[[ Raw data open ]]

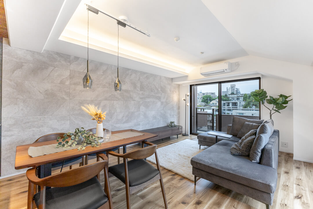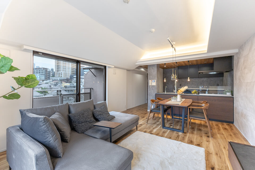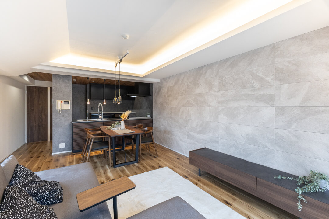 約17.2帖のLDK。2面バルコニーで、明るく開放感溢れる空間です。風通しの良さも魅力的ですね。木の質感を感じるフローリングと石目柄ウォールの相性は◎。木のぬくもりとモダンな雰囲気を兼ね備えたお洒落な内装です。折り上げ天井には間接照明が施され、やわらかな明かりがリラックスタイムへ誘ってくれそうです。
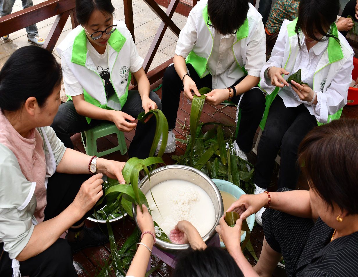 活动现场,志愿者们与社区老人们围在一起包粽子,裹粽叶、填糯米、装陷料、系绳子等步骤中流淌着温暖情谊。
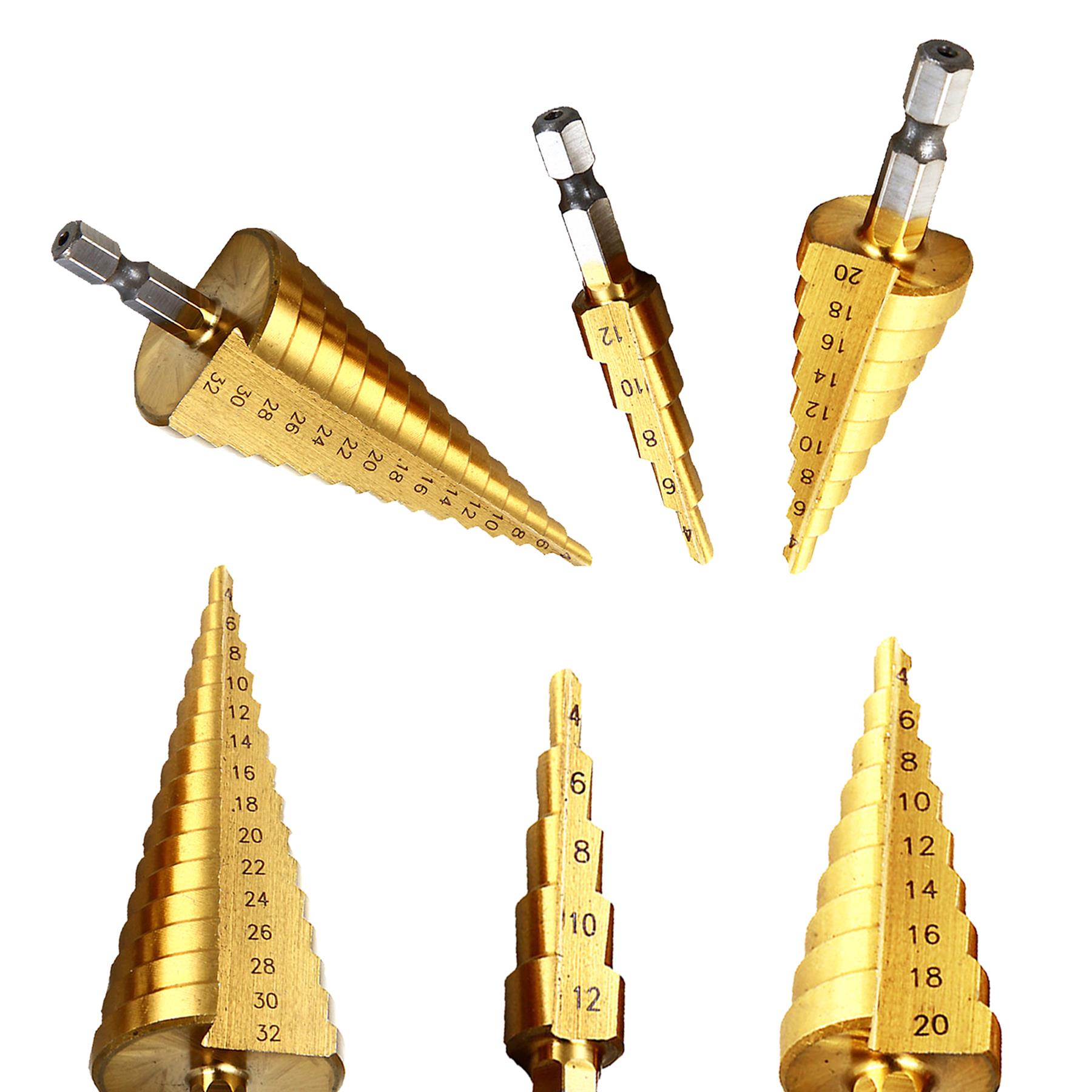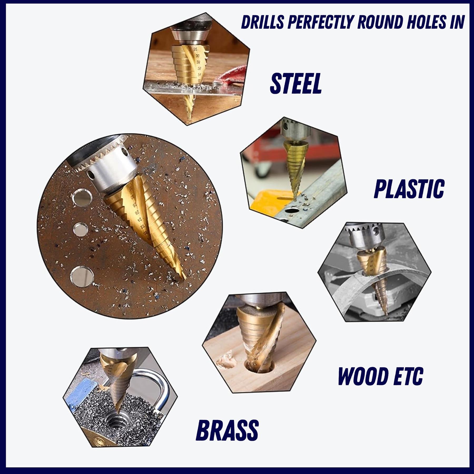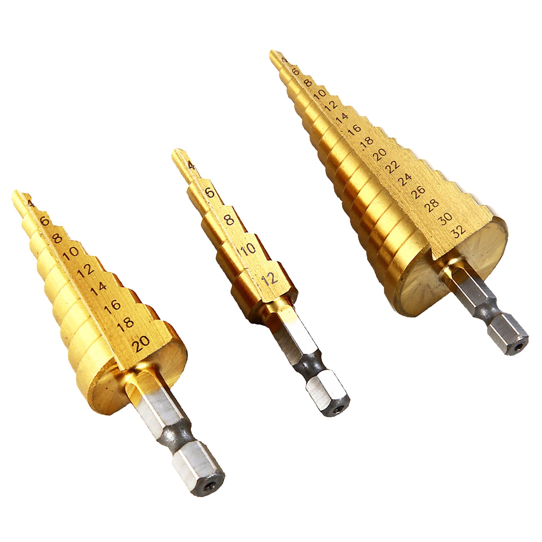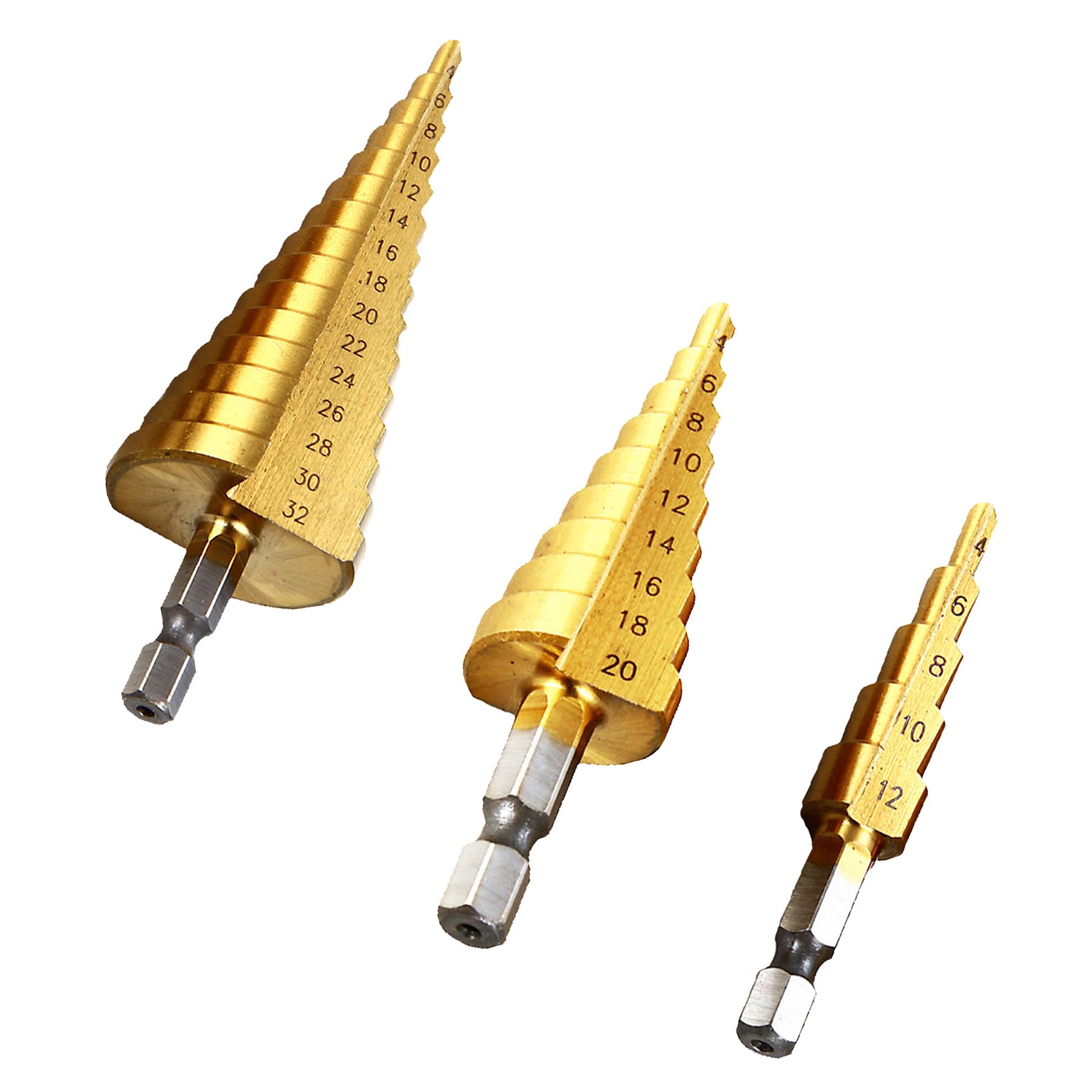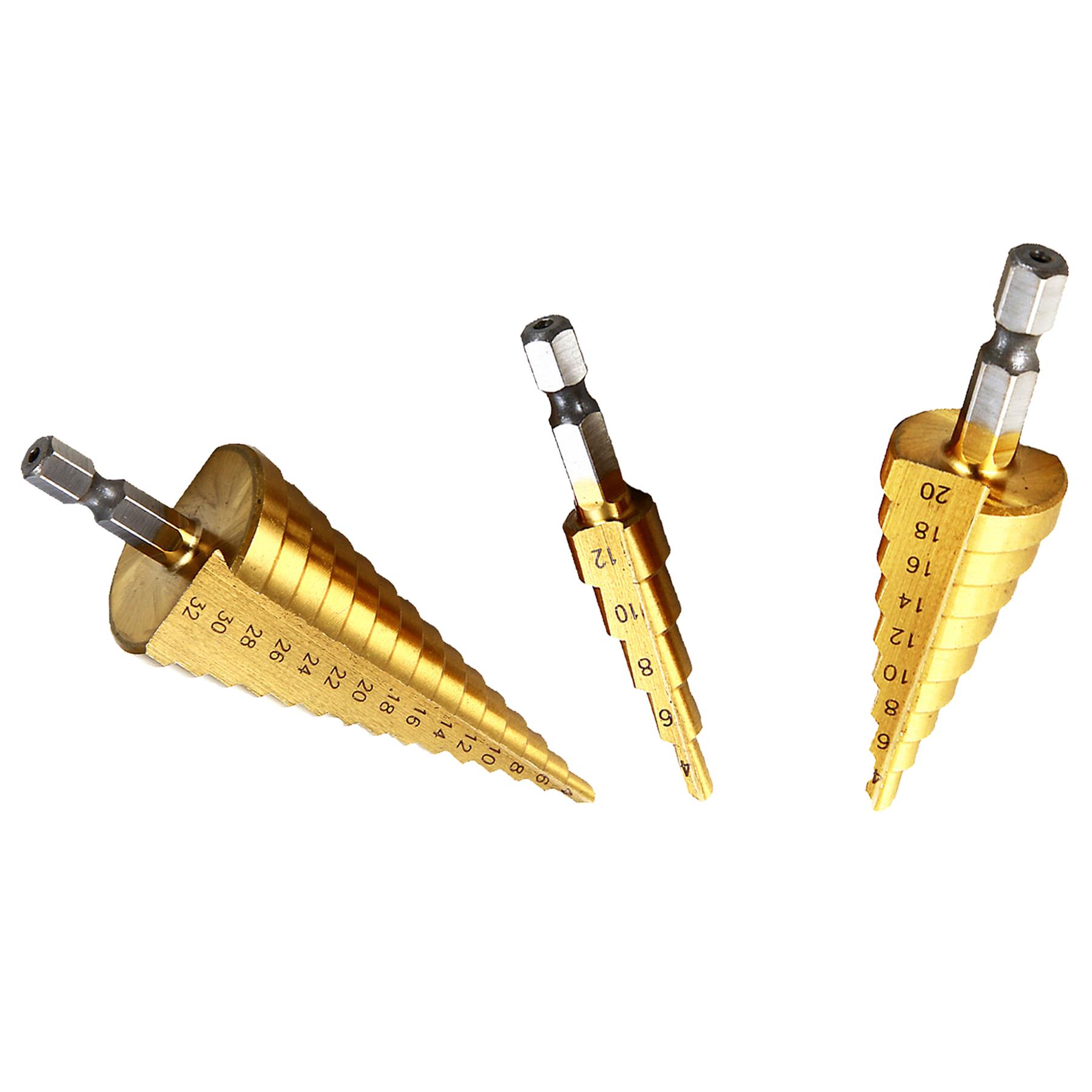 3PC HSS Step Cone Drill Titanium Coated Metal Hole Cutter Bit Set

[[ Raw data closed ]]

● Your assignment:
Once more, give the listing above exactly, leaving each picture out.

● Written answer:
 約17.2帖のLDK。2面バルコニーで、明るく開放感溢れる空間です。風通しの良さも魅力的ですね。木の質感を感じるフローリングと石目柄ウォールの相性は◎。木のぬくもりとモダンな雰囲気を兼ね備えたお洒落な内装です。折り上げ天井には間接照明が施され、やわらかな明かりがリラックスタイムへ誘ってくれそうです。
 活动现场,志愿者们与社区老人们围在一起包粽子,裹粽叶、填糯米、装陷料、系绳子等步骤中流淌着温暖情谊。
 3PC HSS Step Cone Drill Titanium Coated Metal Hole Cutter Bit Set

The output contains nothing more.